Given that \( (\sqrt[3]{4})^{k}=a \), find the values of the following in terms of \( a \). \( \begin{array}{lll}\text { (a) } 4^{k} & \text { (b) } 16^{\frac{k}{3}} & \text { (c) } 2^{k+1}\end{array} \)

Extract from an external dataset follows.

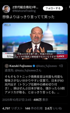 1: それでも動く名無し 2025/10/28(火) 13:49:54.53 ID:a4vEULwn0.net ええんか? 2: それでも動く名無し 2025/10/28(火) 13:50:09.05 ID:vS50M8+7r.net 草 3: それでも動く名無し 2025/10/28(火) 13:50:31.36 ID:QzLKGxfv0.net これもう令和の不平等条約じゃん…

Given that \( (\sqrt[3]{4})^{k} = a \), we can express \( \sqrt[3]{4} \) in terms of powers of 2: \[ \sqrt[3]{4} = 4^{1/3} = (2^2)^{1/3} = 2^{2/3} \] Thus, we can rewrite the equation as: \[ (2^{2/3})^{k} = a \] Using the property of exponents, we have: \[ 2^{\frac{2k}{3}} = a \] Now, we will find the values of \( 4^{k} \), \( 16^{\frac{k}{3}} \), and \( 2^{k+1} \) in terms of \( a \). ### (a) Finding \( 4^{k} \) We know that: \[ 4 = 2^2 \] Thus, \[ 4^{k} = (2^2)^{k} = 2^{2k} \] Now, we can express \( 2^{2k} \) in terms of \( a \): Since \( 2^{\frac{2k}{3}} = a \), we can cube both sides to find \( 2^{2k} \): \[ (2^{\frac{2k}{3}})^3 = a^3 \implies 2^{2k} = a^3 \] So, \[ 4^{k} = a^3 \] ### (b) Finding \( 16^{\frac{k}{3}} \) We know that: \[ 16 = 2^4 \] Thus, \[ 16^{\frac{k}{3}} = (2^4)^{\frac{k}{3}} = 2^{\frac{4k}{3}} \] Now, we can express \( 2^{\frac{4k}{3}} \) in terms of \( a \): We already have \( 2^{\frac{2k}{3}} = a \). Therefore, we can square both sides to find \( 2^{\frac{4k}{3}} \): \[ (2^{\frac{2k}{3}})^2 = a^2 \implies 2^{\frac{4k}{3}} = a^2 \] So, \[ 16^{\frac{k}{3}} = a^2 \] ### (c) Finding \( 2^{k+1} \) We can express \( 2^{k+1} \) as: \[ 2^{k+1} = 2^k \cdot 2^1 = 2^k \cdot 2 \] To find \( 2^k \), we can use the relationship we have with \( a \): From \( 2^{\frac{2k}{3}} = a \), we can express \( 2^k \): \[ 2^k = (2^{\frac{2k}{3}})^{\frac{3}{2}} = a^{\frac{3}{2}} \] Thus, \[ 2^{k+1} = a^{\frac{3}{2}} \cdot 2 \] So, we can write: \[ 2^{k+1} = 2a^{\frac{3}{2}} \] ### Summary of Results The values in terms of \( a \) are: \[ \begin{array}{lll} \text{(a) } 4^{k} & = a^3 \\ \text{(b) } 16^{\frac{k}{3}} & = a^2 \\ \text{(c) } 2^{k+1} & = 2a^{\frac{3}{2}} \end{array} \]